Najczęstsze zarzuty pod adresem obiektywizmu są raczej inne: że Rand nie potrafiła dostrzec sposobu, w jaki inni ludzie umożliwiają jednostce sukces i bogacenie się, albo że nie dostrzegała roli szczęścia w odnoszeniu sukcesu, albo że nie można nazwać moralnym żadnego systemu, w którym duża część społeczeństwa żyje w nędzy i umiera na łatwo uleczalne choroby, albo w końcu, że Rand była hipokrytką. Ten ostatni to oczywiście ad hominem, pozostałe mogą mieć jakąś wartość, ale problem z obiektywizmem leży według Nozicka głębiej, w metafizycznych aksjomatach tego systemu, w aksjomatach, których Rand sama dobrze nie rozumiała, a wnioski z nich wyprowadzała z pogwałceniem elementarnych zasad logiki. Jednym z takich aksjomatów Rand była logiczna zasada tożsamości, którą rozumiała ona nie jako zwykłą tautologię, ale jako coś w rodzaju metafizycznego stwierdzenia o niezmienności rzeczy, po czym z tej błędnie rozumianej zasady wywodziła różne twierdzenia na tematy etyczne i ekonomiczne. Od „A=A” do „ludzka natura jest taka, a nie inna” i od tego do „podatki są niemoralne”. Nie trzeba być wybitną jednostką, dźwigającą na swoich ramionach świat pełen pasożytów, żeby zorientować się, że ktoś tu uprawia filozoficzną szarlatanerię.
Nigdy nie ukrywałem tutaj mojego braku uznania dla filozoficznego libertarianizmu (zwłaszcza w prawicowej wersji), ale też nigdy nie zaprzeczałem, że istnieją libertarianie, których należy brać na poważnie. Ayn Rand jest jednak ostatnią osobą, którą można do tej grupy zaliczyć.

17 komentarzy:

  1. 110% racji panie redaktorze (i dzięki że napisałeś lepiej i spokojniej, to co za mną chodziło od dłuższego czasu i mogło mi się brzydko ulać w końcu).
    Z innej beczki, "rola charyzmy filozofów w filozofii", to jest temacik, który ktoś poruszył szerzej?

    OdpowiedzUsuń
    Odpowiedzi
    1. Właśnie nie znam nic na ten temat, a sam chętnie bym przeczytał. Moje przypuszczenie jest takie, że charyzmę można łatwo wykorzystać do tuszowania różnych intelektualnych niedociągnięć i wielu charyzmatycznych ulega pokusie. Jak dla mnie zazwyczaj sprawdza się zasada, że filozof im mniej charyzmatyczny, tym lepszy. Popatrz na takiego Quine’a, mniej charyzmatycznym chyba być nie można.

      Usuń
    2. No to trzeba o tym książkę napisać, #jestplan ;)

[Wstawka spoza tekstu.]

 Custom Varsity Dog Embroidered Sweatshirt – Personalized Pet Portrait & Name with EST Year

      Dla mnie ta zasada, że sensowniejsi (niekonieczne "mający rację", ale mający przynajmniej klarowność, dyscyplinę, nie nadrabiający wodolejstwem i tonem ex cathedra) są niecharyzmatyczni i "skromni duchem", a charyzmatyczni i o manierach celebrytów filozofowie najczęściej prezentują namysł drugiej świeżości, chyba pierwszy raz objawiła się dawno temu przy Spinozie vs. Hobbes, o opcji vs. Wolter przez grzeczność nie mówiąc.

      Usuń
    3. Średnio znam i Spinozę i Hobbesa, ale nigdy bym chyba nie powiedział, że ten drugi to namysł drugiej świeżości.

      Usuń
    4. (drugiej świeżości w sensie słaby, a nie plagiatu)

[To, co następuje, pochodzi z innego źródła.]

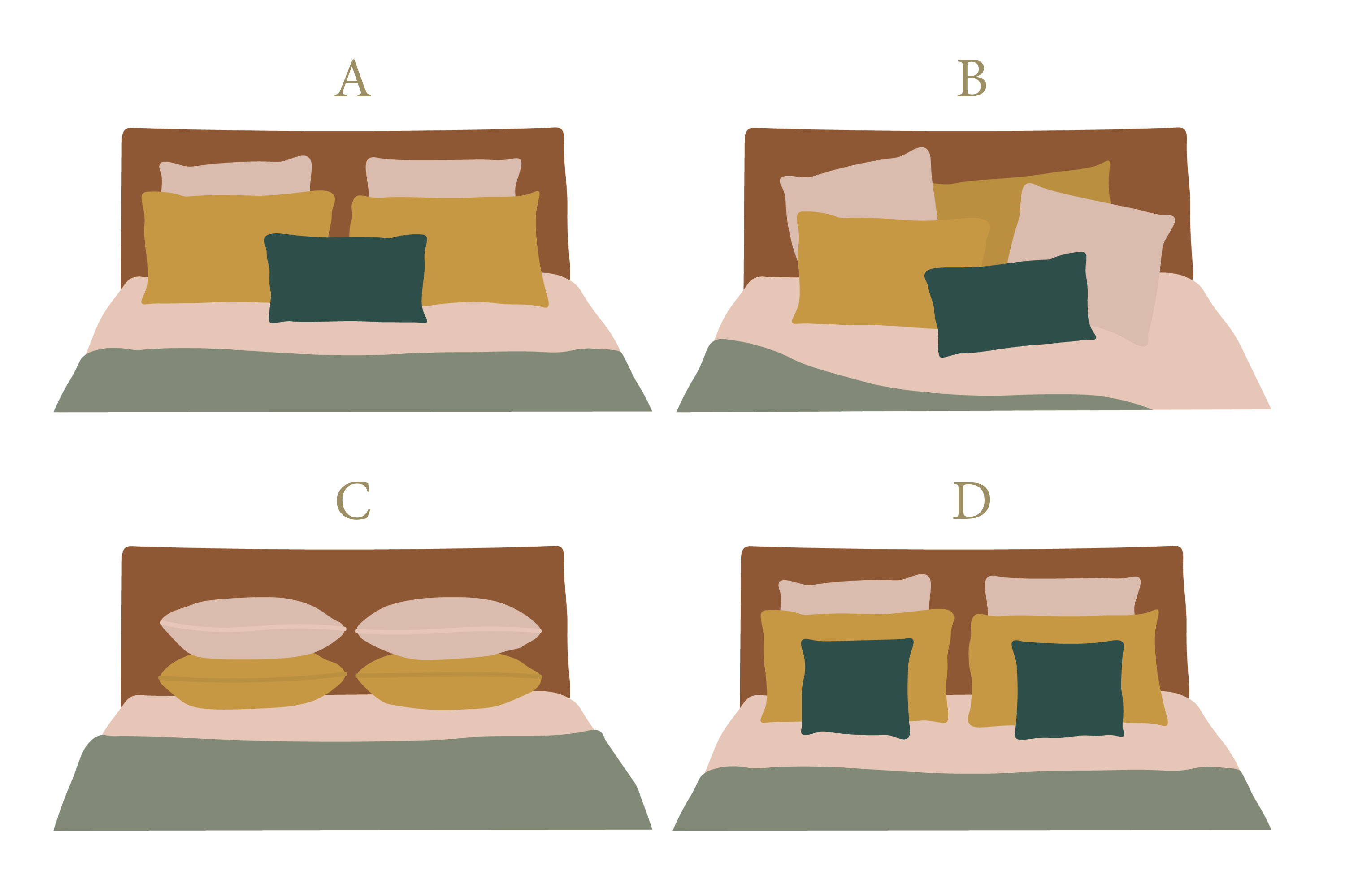 Twee grote hoofdkussens (65x65 cm) achteraan, met twee langwerpige (50x75 cm) ervoor. Eventueel afgewerkt met een langwerpig sierkussen in het midden. Deze stijl straalt orde en rust uit en geeft je bed een subtiel hotelgevoel.

      Mnie daleko do bycia znawcą, oczywiście, ale Hobbes dla mnie to jest dokładnie coś jak Rand swoich czasów, dlatego go przywołałem. Może bardziej filozof niż pisarz, i pozornie porządniejszy w rozumowaniach, niż Rand - ale ogólnie ktoś, kto na bardzo wątpliwych aksjomatach buduje pozornie wypasiony system, tyle że bardzo "dziurawy" i taki żeby pasował do jego przekonań i działań _politycznych_, i czasu i miejsca (u Hobbesa -z zapatrzenia w matematykę i fizykę mechanicystyczny ordnung i pochwała absolutyzmu, żeby nie było anarchii wojny domowej; u Rand - z racjonalistycznej pochwały indywidualizmu, żeby tylko nie było komunizmu). A jak poskrobać u fundamentów jak zrobił Nozick z Rand, to podobnie u Hobbesa, namysł jest co najmniej taki sobie a założenia ahistoryczne.

      Usuń
    5. Po pierwsze, nie widzę jakiejś wielkiej różnicy między mechanicyzmem Hobbesa a mechanicyzmem Spinozy. Po drugie, Hobbes był całkiem nieźle zorientowany w ówczesnej matematyce, logice i empirycznej nauce. Po trzecie, stworzył coś nowego, istotnego i nawet żywego do dzisiaj, jak np. teoria umowy społecznej.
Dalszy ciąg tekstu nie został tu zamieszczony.